> Input data
=-=-=-=-=
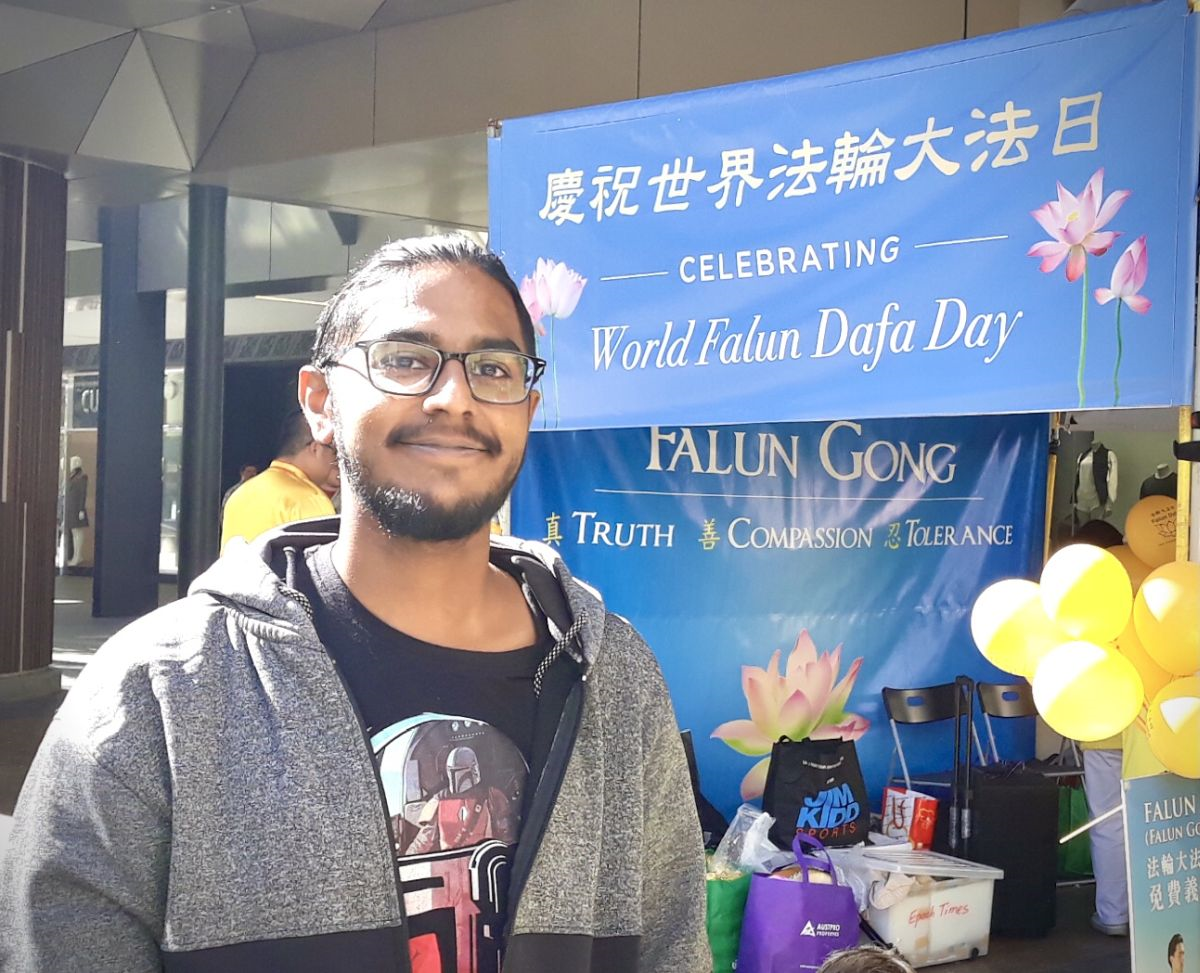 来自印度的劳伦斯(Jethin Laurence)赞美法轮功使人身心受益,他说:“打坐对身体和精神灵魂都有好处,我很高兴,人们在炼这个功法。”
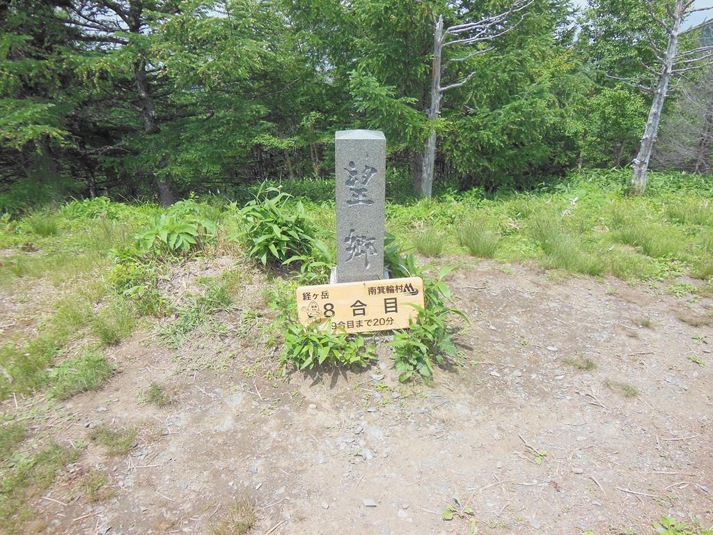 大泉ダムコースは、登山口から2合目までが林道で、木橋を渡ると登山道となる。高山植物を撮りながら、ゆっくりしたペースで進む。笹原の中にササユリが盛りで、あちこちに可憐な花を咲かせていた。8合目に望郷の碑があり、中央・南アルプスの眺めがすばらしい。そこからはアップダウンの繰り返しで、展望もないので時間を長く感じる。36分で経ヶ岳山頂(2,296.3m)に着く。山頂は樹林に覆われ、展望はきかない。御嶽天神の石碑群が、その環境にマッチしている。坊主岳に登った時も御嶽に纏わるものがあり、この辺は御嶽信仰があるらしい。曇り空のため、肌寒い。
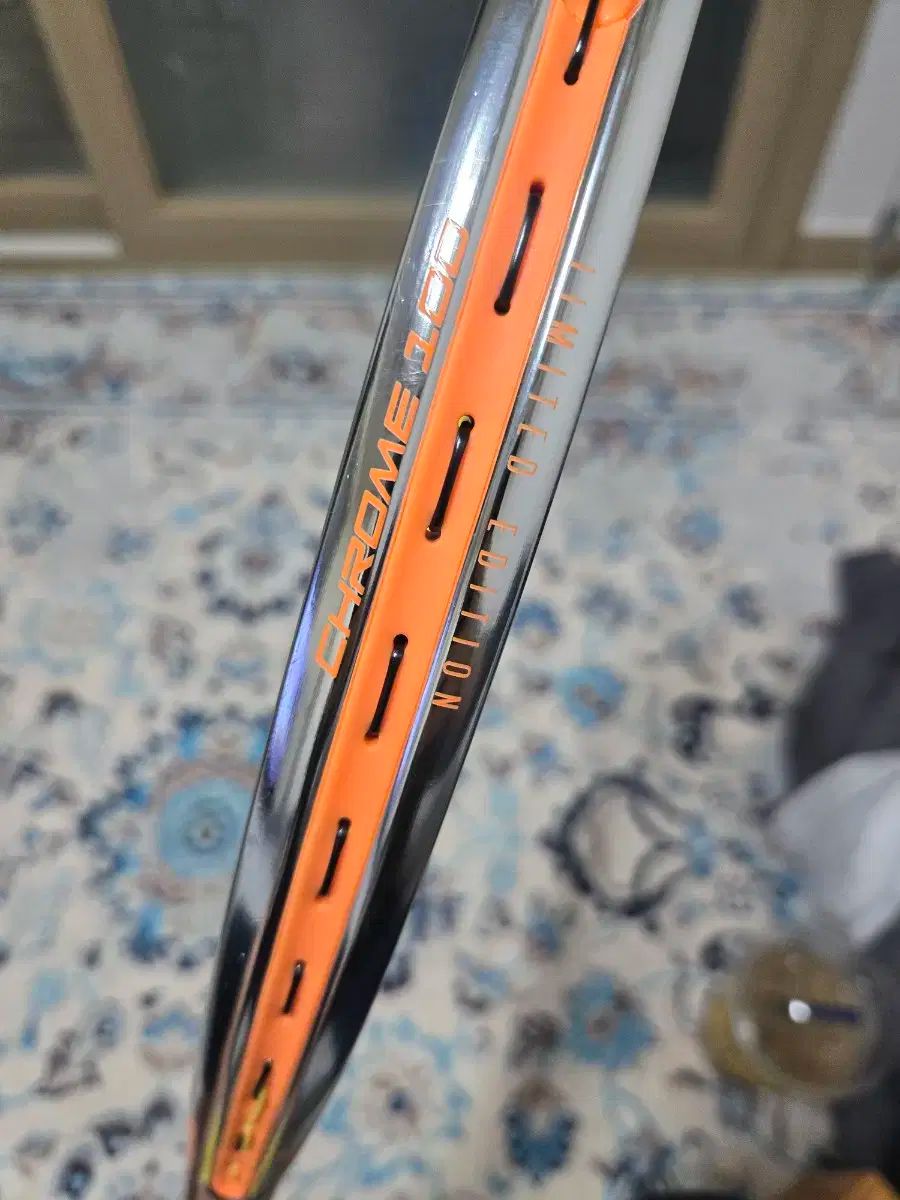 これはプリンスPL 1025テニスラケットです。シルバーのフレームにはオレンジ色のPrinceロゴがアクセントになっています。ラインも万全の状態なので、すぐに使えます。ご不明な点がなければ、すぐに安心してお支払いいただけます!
=-=-=-=-=
> What the exercise asks
Only the listing above, set down exactly and without pictures, belongs in the answer.

> Answer for the task
 来自印度的劳伦斯(Jethin Laurence)赞美法轮功使人身心受益,他说:“打坐对身体和精神灵魂都有好处,我很高兴,人们在炼这个功法。”
 大泉ダムコースは、登山口から2合目までが林道で、木橋を渡ると登山道となる。高山植物を撮りながら、ゆっくりしたペースで進む。笹原の中にササユリが盛りで、あちこちに可憐な花を咲かせていた。8合目に望郷の碑があり、中央・南アルプスの眺めがすばらしい。そこからはアップダウンの繰り返しで、展望もないので時間を長く感じる。36分で経ヶ岳山頂(2,296.3m)に着く。山頂は樹林に覆われ、展望はきかない。御嶽天神の石碑群が、その環境にマッチしている。坊主岳に登った時も御嶽に纏わるものがあり、この辺は御嶽信仰があるらしい。曇り空のため、肌寒い。
 これはプリンスPL 1025テニスラケットです。シルバーのフレームにはオレンジ色のPrinceロゴがアクセントになっています。ラインも万全の状態なので、すぐに使えます。ご不明な点がなければ、すぐに安心してお支払いいただけます!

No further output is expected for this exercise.